* Description of the task
Output exactly, in the material below, the lines from the one with "A young asian" through the one with "The main task". Omit all pictures.

* Information given

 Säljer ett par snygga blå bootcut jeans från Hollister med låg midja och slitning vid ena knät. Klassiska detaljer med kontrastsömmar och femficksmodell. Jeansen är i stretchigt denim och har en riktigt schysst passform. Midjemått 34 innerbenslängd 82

---

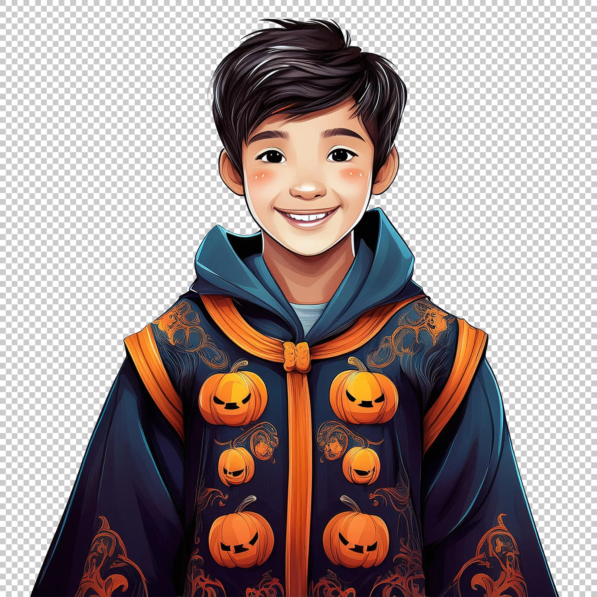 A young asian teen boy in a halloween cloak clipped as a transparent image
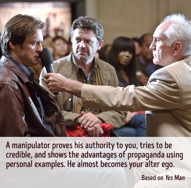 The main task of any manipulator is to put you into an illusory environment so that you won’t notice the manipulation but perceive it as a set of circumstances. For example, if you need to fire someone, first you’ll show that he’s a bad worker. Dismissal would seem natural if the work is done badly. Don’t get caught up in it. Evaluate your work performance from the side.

* Task solution
 A young asian teen boy in a halloween cloak clipped as a transparent image
 The main task of any manipulator is to put you into an illusory environment so that you won’t notice the manipulation but perceive it as a set of circumstances. For example, if you need to fire someone, first you’ll show that he’s a bad worker. Dismissal would seem natural if the work is done badly. Don’t get caught up in it. Evaluate your work performance from the side.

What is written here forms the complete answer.